EXERCISE PROMPT —
Could the data below be printed out exactly, with the pictures left out?

INFORMATION SUPPLIED —
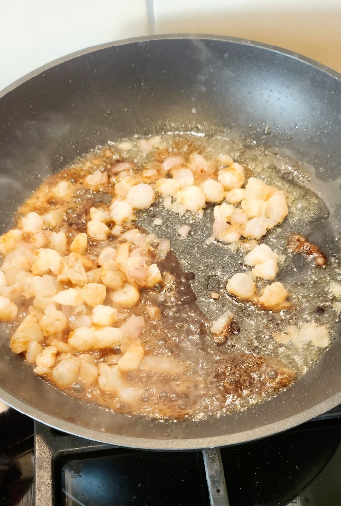 Garnelen und Fisch waschen und gut trocknen. Eine Handvoll Garnelen klein schneiden. Fischfilet in Mundgerechte Stücke schneiden.
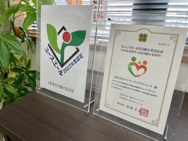 2023年にユースエール認定企業に認定、2021年にぎふし共育女性活躍企業に認定されました。2024年に認定継続中。
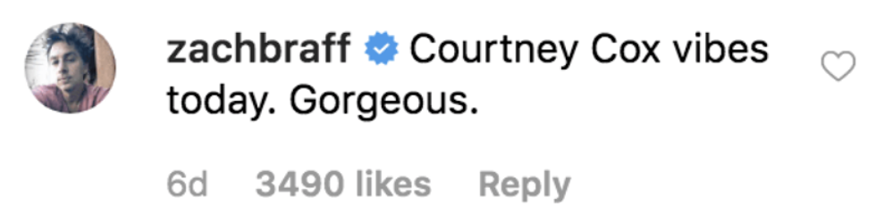Below the photo, Zach Braff, who co-starred with Courteney Cox in a season of Scrubs, commented:

OUTPUT OF THE EXERCISE —
 Garnelen und Fisch waschen und gut trocknen. Eine Handvoll Garnelen klein schneiden. Fischfilet in Mundgerechte Stücke schneiden.
 2023年にユースエール認定企業に認定、2021年にぎふし共育女性活躍企業に認定されました。2024年に認定継続中。
Below the photo, Zach Braff, who co-starred with Courteney Cox in a season of Scrubs, commented:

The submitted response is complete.